Demand destruction could just as well be people cutting out unnecessary conspicuous consumption to save a bit of $$$$. Only 42% of driving is commuting and shopping, after all. vmt_by_purpose.png (PNG Image, 616x420 pixels)

Yup! $50 - $60 - $70 oil, all had their list of casualties. $80 is killing off its share, they just haven't been tallied yet, lost in the tsunami of 'background' business failures.

I suspect one casualty of $80 oil will be the oil refining business ... which may be keeping a lid on prices. So far, the $84 price level seems to be the ceiling or upper bound. Let's see if oil can jump above that!

I personally don't think it will do it. The world is a lot poorer now than it was a couple of years ago.

Re: The Case Against Biofuels: Probing Ethanol’s Hidden Costs, up top.

Leanan's bear-baiting me again. So Mr. Runge, Professor of Applied Economics and Law at the University of Minnesota has listed every possible negative he can dream up about ethanol.

I graduated from the University of Minnesota so I know that it is a pretty mediocre place and it is not home to the best and the brightest in either professors or students.

The Professor is talking about stuff he has clearly not well thought out. And he chooses to take the side of the argument that is not in Minnesota's interest. I would expect this from California universities but California has no monopoly on stupidity. Needless to say Prof. Runge is not very popular in rural Minnesota which pays some of his salary.

Minnesota is as prosperous as it is partly because of strong support for ethanol and the rural economy. Minnesota is one of the few states with mandatory ethanol blends for gasoline. Iowa rejected it again last month. Iowa too is relatively more prosperous than the rest of the country currently due partly to ethanol. The unemployment rate is about 6%, better than Minnesota's. But Iowans aren't much smarter than Minnesotans when it comes to acting in their own self interest. For that we have to give Texans the prize.

Professor Runge writes as though there is no hidden cost case against crude oil, which of coarse there is.
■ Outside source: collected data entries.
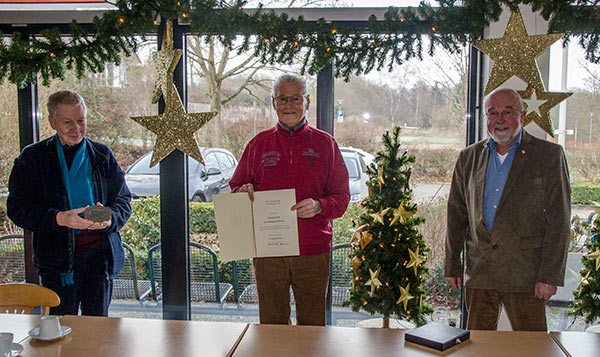 Weitergabe der Plakete und Urkunde durch Archivar Peter Faust (links) und Vorstandssprecher Andreas Reuther (rechts) an den Ehrenvorsitzenden Wolfgang Heller.
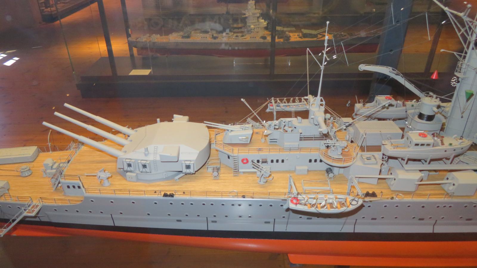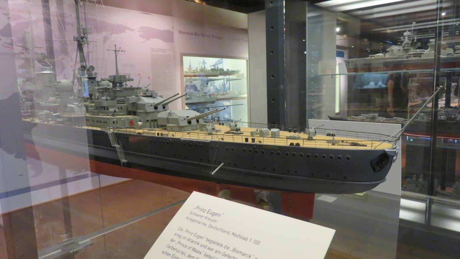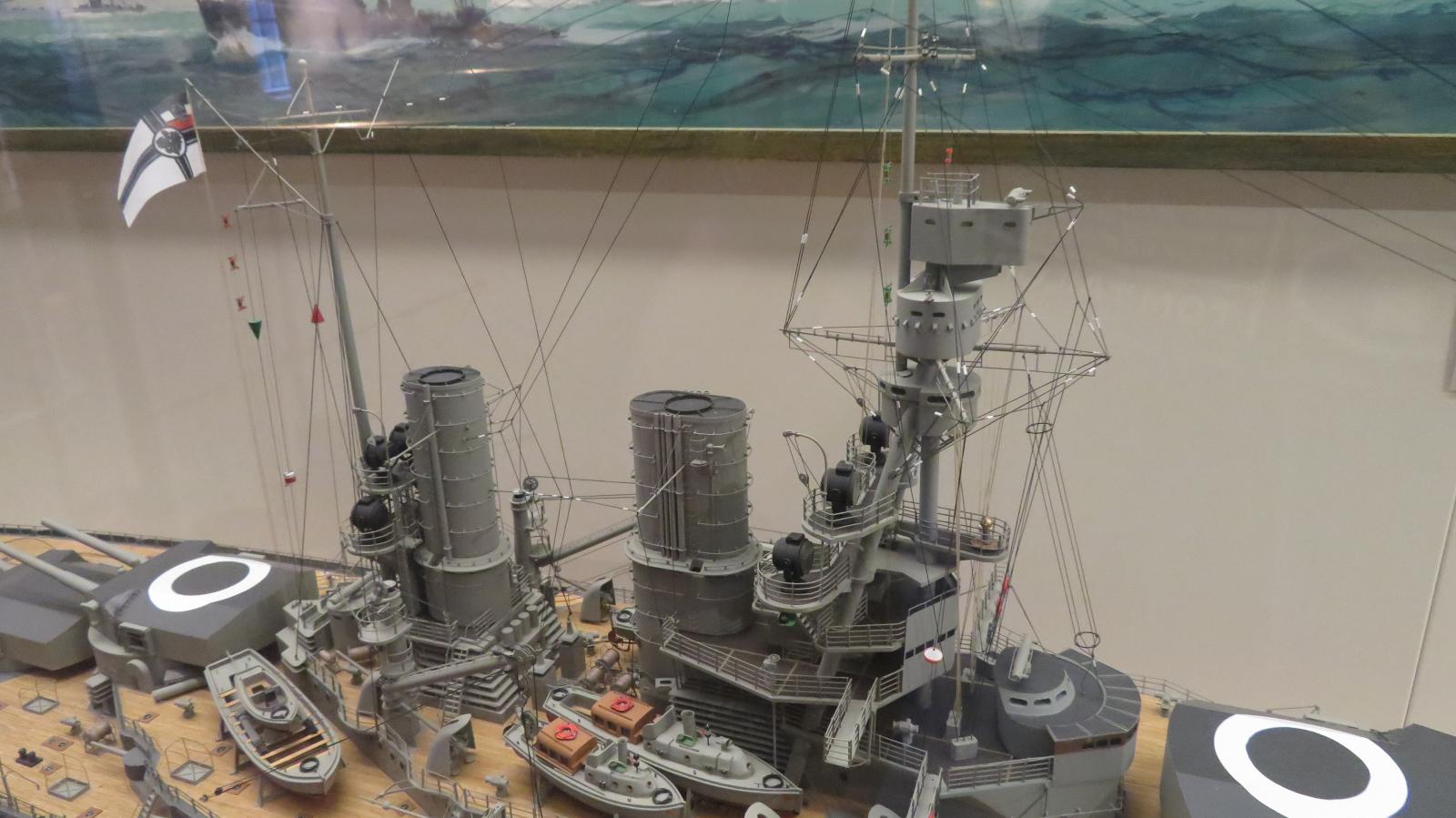 Hier weitere Fotos von Modellen von Marineschiffen, die im Internationale Maritime Museum ("Tamm-Museum") in Hamburg im August 2025 zu sehen waren:
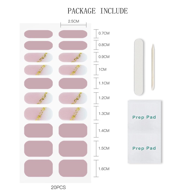 - Package Contains: 20 Polish Nail Strips, 2 Cleaning Wipes, 1 Wood Stick, 1 Nail File
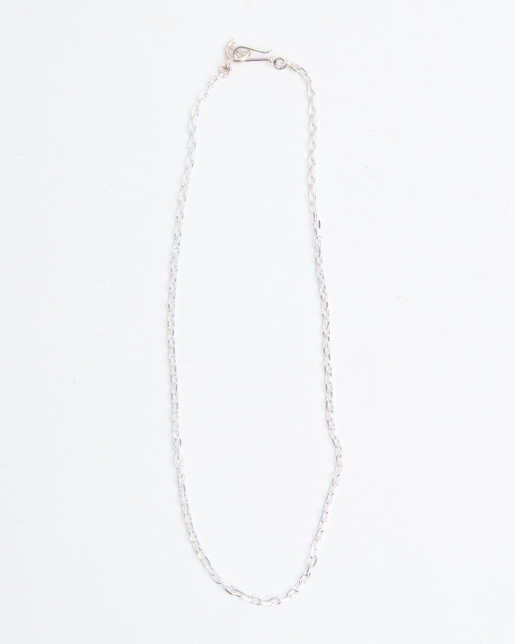 The Chain M (55cm) is a versatile silver chain from First Arrows, designed to complement pendants or be worn on its own. Handcrafted in Japan from Britannia Silver 950, it offers more brightness than standard 925 silver while being strengthened with First Arrows’ unique heat-treatment process for durability. The medium weight and 55cm length give it balance and comfort, making it a reliable everyday choice. Whether paired with a feather, medicine wheel, or other symbolic pendant, the Chain M adds a refined foundation to any necklace combination. Over time, the silver will age with a natural patina, giving the chain even more character.
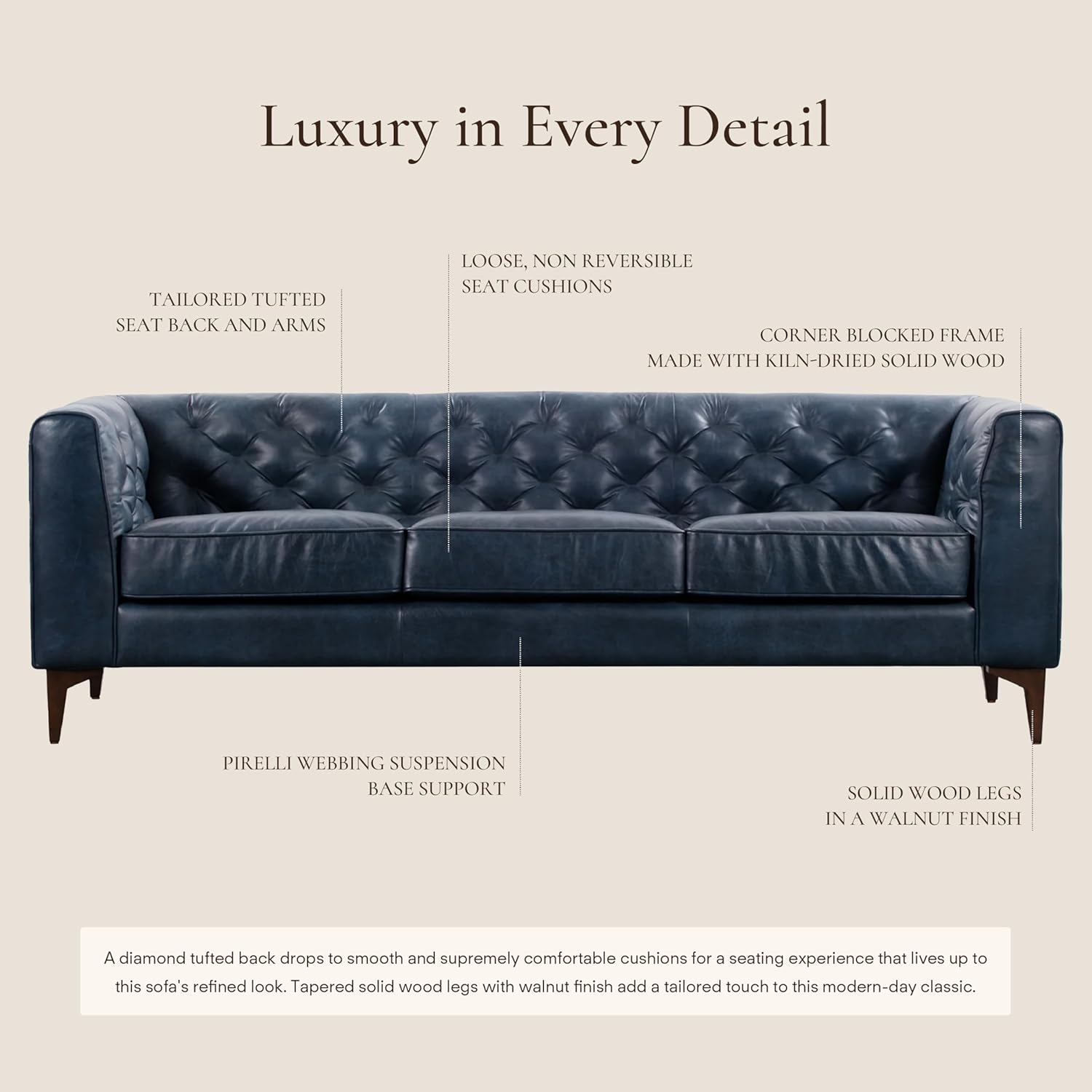 Poly & Bark Essex Leather Couch - 89-Inch Sofa with Tufted Back - Full-Grain Leather Sofa for Living Room with Feather-Down Topper - Living Room Couch - Vintage Italian Leather in Midnight Blue

For every item he cites such as subsidies, environment and such the case against oil is even stronger, yet he ignores it.

I have refuted most of the items he lists many times. Calling corn food for example. Blaming corn for nearly every ill that befalls the poor of the world is silly. If the poor had money to buy food, they would not buy corn, but wheat or rice.

I'm tempted to refute everyone of his supposedly hidden costs for ethanol with another list of hidden costs for oil and there are more than for ethanol.

How about hidden costs like Wars for Oil Security for example? How about 4300 American dead and thousands injured? How about the collapse of the economy in 2008 when oil went to $148? How about the Strategic Petroleum Reserve which ties up up about $56 Billion of taxpayer money all year, year after year? How about the Oil Depletion Allowance which shelters oil income from taxation? How about the other drilling incentives which Obama has proposed abolishing and that would bring in $36 Billion over the next 10 years? How about a stagnating economy with huge deficits largely due to paying for imports of crude oil?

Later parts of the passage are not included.